# Sehr schnelle Texturupdates (OpenGL)



## Kr0e (20. Jun 2010)

Hallo,

ich schreibe zur Zeit einen OpenGL Video Renderer. Ich bin soweit fertig und nutze den Pixelbuffer um DMA (Direct Memory Access)
zu benutzen. glTexSubImage2D wäre sonst viel zu langsam. Bei HD Videos kann es vorkommen, dass 260 mb / s übertragen werden müssen... Nun habe ich aber gelesen, dass der Pixelbuffer1. sehr veraltet ist und 2. nicht mehr weiterentwickelt wird.

Gibt es irgendeine Alternative zum Pixelbuffer ?
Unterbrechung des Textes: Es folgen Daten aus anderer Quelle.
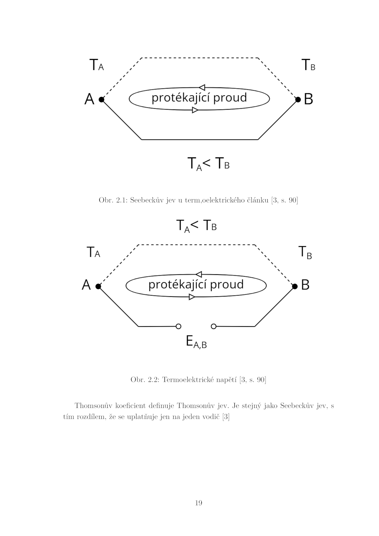 Obr. 2.1: Seebeckův jev term,oelektrického článku [3, 90] Obr. stejný jako Seebeckův jev, s tím rozdílem, uplatňuje jen jeden vodič [3] 19 . 2.2: Termoelektrické napětí [3, 90] Thomsonův koeficient definuje Thomsonův jev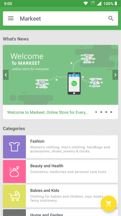 Marketet 是 android Online Store,此项目是通过 android 应用程序运行您的在线商店、促销和销售产品的解决方案。实施简单的菜单和导航,为您的客户提供令人惊叹的购物体验。您可以管理您的产品、类别、新闻信息、发送通知等等。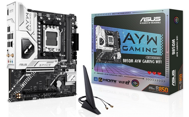 Компания Asus выпустила материнскую плату B850M AYW Gaming WiFi, на основе которой можно собрать компактную, но мощную игровую систему. Новинка выполнена в формате MicroATX и предназначена для процессоров AMD Ryzen 7000 и 9000.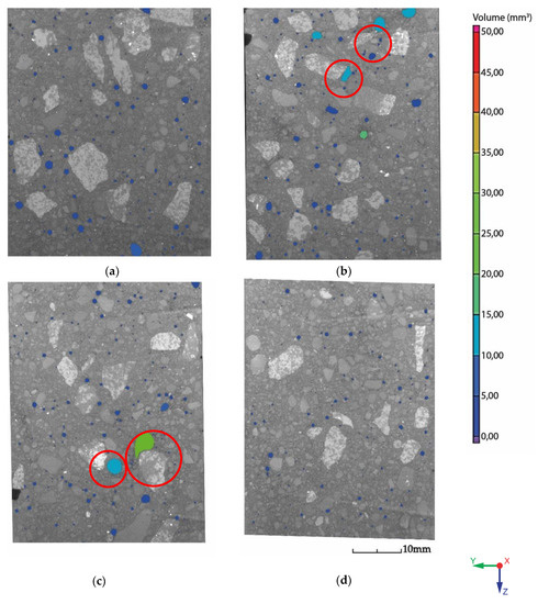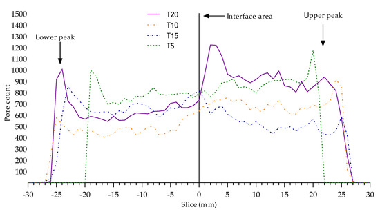 Figure 15. Pore distributions at the interface area based on cross-sectional CT scans, which can be found in more detail in Table 6.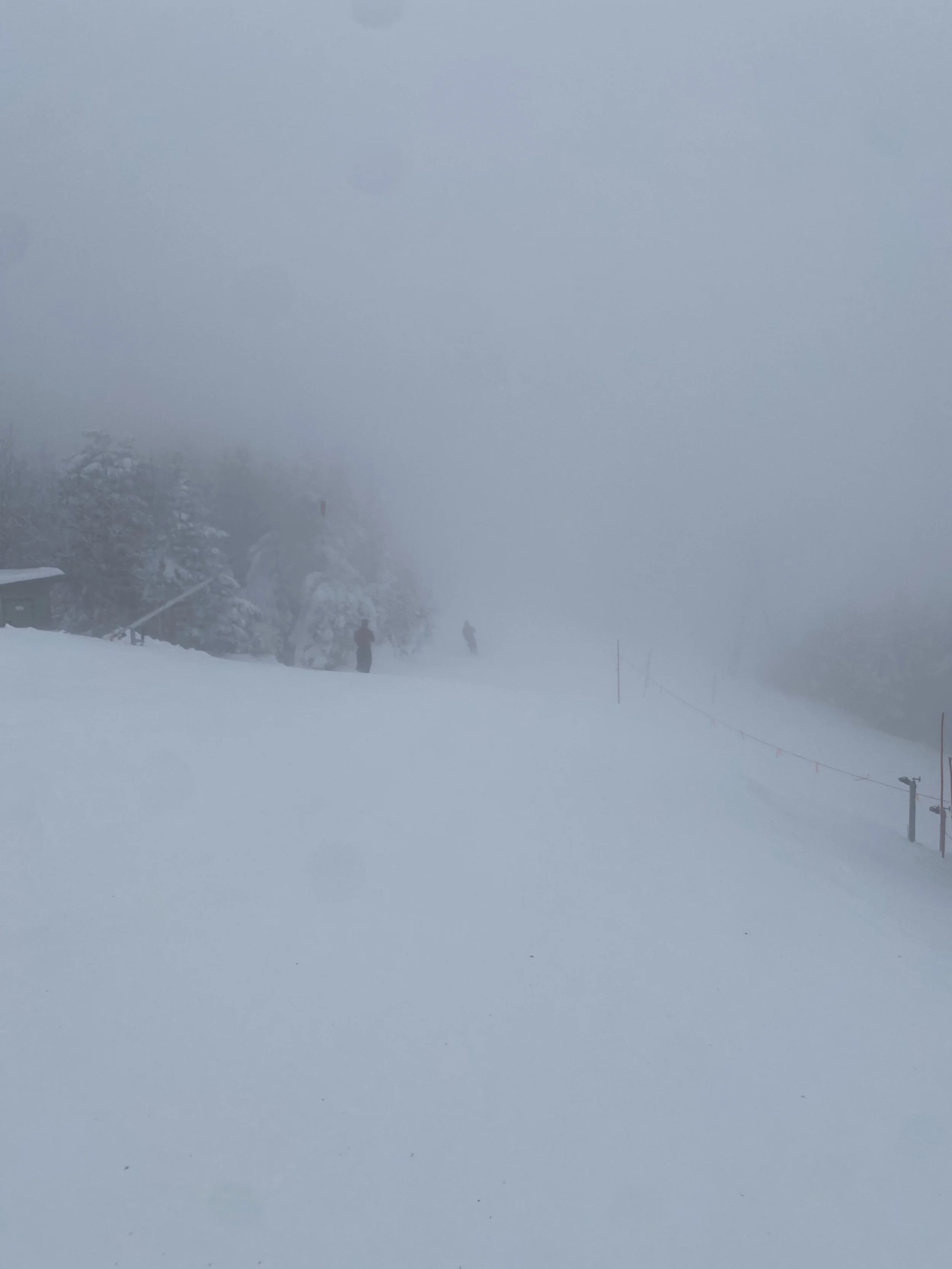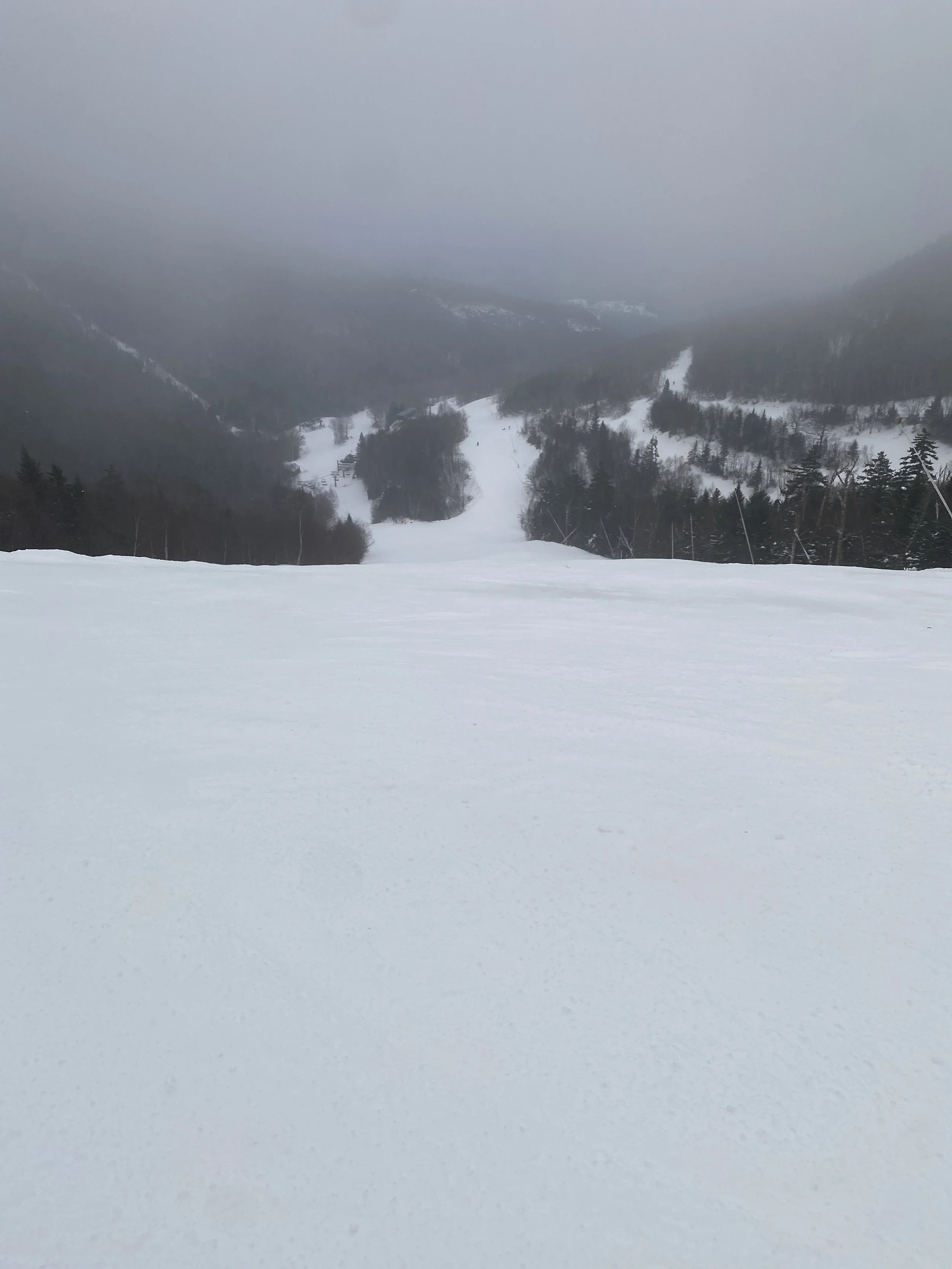Snow conditions varied depending on where you were on the mountain. Like yesterday, some runs had some slicks spots, such as Approach and Essex, while other runs had soft and forgiving snow. The snow wasn’t sloppy anywhere today, although that could happen tomorrow or Friday with warmer temperatures and rain expected. With the low visibility up high, I found myself really having to pay attention to the snow surface, especially with the thin layer of ice that kept forming. Fortunately, my gloves have a squeegee on them, but it’s not ideal to have to constantly clear my goggles during a run.

Ich kenne zwar den Framebuffer, der wohl um einiges besser Render-To-Texture machen kann... Aber ich glaube nicht, dass
es dort dieses Feature (DMA) noch gibt.

Ich habe leider wenig Ahnung was die neuen Technologien von OpenGL betrifft.
Gibt es da inzwischen vlt effizientere Methoden ?

Gruß,
Chris


----------



## Guest2 (20. Jun 2010)

Moin,

willkommen in der allgemeinen OpenGL Namensverwirrung. 

Unter dem Begriff "Pixelbuffer" laufen bei OpenGL eine Reihe von völlig verschiedenen "Dingen". Wenn Du schreibst "veraltet" und "nicht mehr weiterentwickelt" bezieht sich das vermutlich auf den "PBuffer". Dieser ist tatsächlich alt und ich würde diesen auch nicht mehr in aktuellen Projekten einsetzen. Allerdings unterstützt dieser auch imho kein DMA.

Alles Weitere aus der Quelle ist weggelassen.